# What You Need:
→ Lentils
01 - 1 cup dried black lentils, rinsed
02 - 3 cups water
03 - 1 bay leaf
04 - ½ teaspoon salt
→ Roasted Vegetables
05 - 1 medium red bell pepper, diced
06 - 1 medium zucchini, diced
07 - 1 small red onion, cut into wedges
08 - 1 small carrot, diced
09 - 2 tablespoons olive oil
10 - ½ teaspoon ground black pepper
11 - ½ teaspoon salt
→ Salad Additions
12 - ½ cup cherry tomatoes, halved
13 - ¼ cup fresh parsley, chopped
14 - 2 tablespoons feta cheese, crumbled
→ Dressing
15 - 2 tablespoons extra-virgin olive oil
16 - 1½ tablespoons fresh lemon juice
17 - 1 teaspoon Dijon mustard
18 - 1 garlic clove, minced
19 - ½ teaspoon honey or maple syrup
20 - Salt and pepper to taste
# Directions:
01 - Preheat oven to 425°F.
02 - Spread diced bell pepper, zucchini, red onion wedges, and carrot on a baking sheet. Drizzle with olive oil, season with salt and pepper, and toss thoroughly to coat evenly.
03 - Roast vegetables for 25 to 30 minutes, stirring halfway through cooking, until tender with light caramelization on edges.
04 - Place lentils, water, and bay leaf in a saucepan. Bring to a boil over high heat, then reduce to low heat and simmer uncovered for 20 to 25 minutes until lentils are tender but retain their shape. Drain excess liquid and discard bay leaf. Stir in salt while lentils are still warm.
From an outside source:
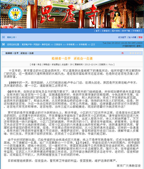 2013年岁末,正逢西方传统的“平安夜”,白胡子的圣诞老人到处走动,圣诞的灯火绚丽多彩,不管是否信教,很多人都互道平安。不过,南京毗卢寺的僧众和广大信众怕是和“平安”无缘了。2013年12月23日夜里,南京毗卢寺院墙遭到南京玄武区城管暴力强拆,引起了南京毗卢寺僧众和信众的强烈反感。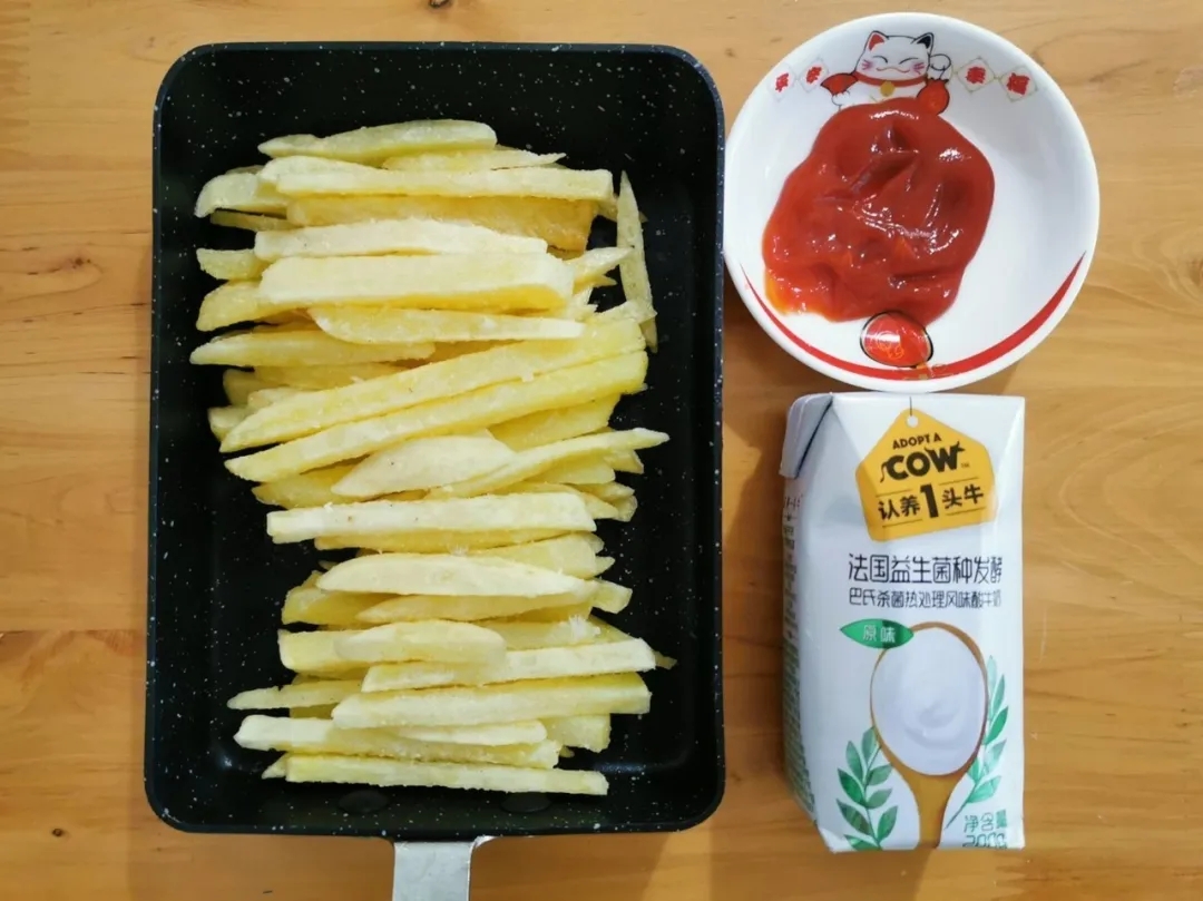 ▲小康最愛(ài)的零食是媽媽親自炸的薯?xiàng)l配番茄醬。

05 - In a small bowl, whisk together extra-virgin olive oil, fresh lemon juice, Dijon mustard, minced garlic, honey, and salt and pepper until well emulsified.
06 - Combine warm cooked lentils, roasted vegetables, halved cherry tomatoes, and fresh parsley in a large mixing bowl. Pour dressing over salad and gently toss to distribute evenly. Garnish with crumbled feta cheese if desired.
07 - Serve salad while warm or allow to cool to room temperature before serving.